Good reporting but you missed a key point. Cory Linden says "the use of CopyBot or any other external application to make unauthorized duplicates within Second Life will be treated as a violation of Section 4.2 of the Second Life." This means authorized copying is OK. Otherwise they would ban the Bot alltogether. This is exactly why content creators are up in arms and the issue is not over. Because the bot is free to be sold in SL for legitimate copying no one for a minute believes it will be used in this way. Perhaps the genie is out of the bottle but it sure as hell would help if LL took a stronger stand to protect the users who have built their world.

Cocoanut Koala

"Cory Linden announced, use of the CopyBot or similar technology would be considered a violation of the world’s Terms of Service.

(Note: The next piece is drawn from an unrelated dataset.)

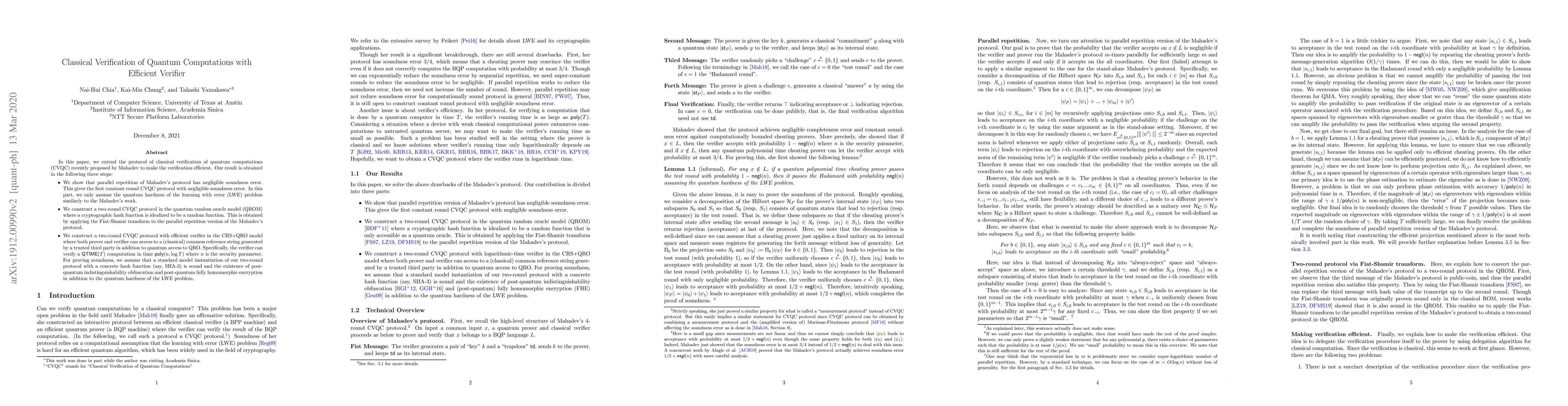This paper presents an efficient classical verification protocol for quantum computations, extending Mahadev's CVQC protocol. It achieves negligible soundness error through parallel repetition and constructs a two-round protocol in the quantum random oracle model, culminating in a two-round protocol with an efficient verifier in the CRS+QRO model.

Violators were now subject to permanent exile.

"And with that, in the span of a few days, the Copybot controversy—at least in terms of an active protest— was resolved."


This is absolutely incorrect, Hamlet.

Here are the facts:

Cory said that using the copybot to make unauthorized copies of items would be considered against the TOS, at least until Q12007. and that anyone doing MAY lose their account.

The copybot itself - as well as using it to make your own copies of things - is still perfectly legal.

Using the copybot and having the copybotis fully condoned by the Lindens.

Which is unacceptable. If your item has been copied by someone, you can file an AR against that person, but that person will likely be an alt.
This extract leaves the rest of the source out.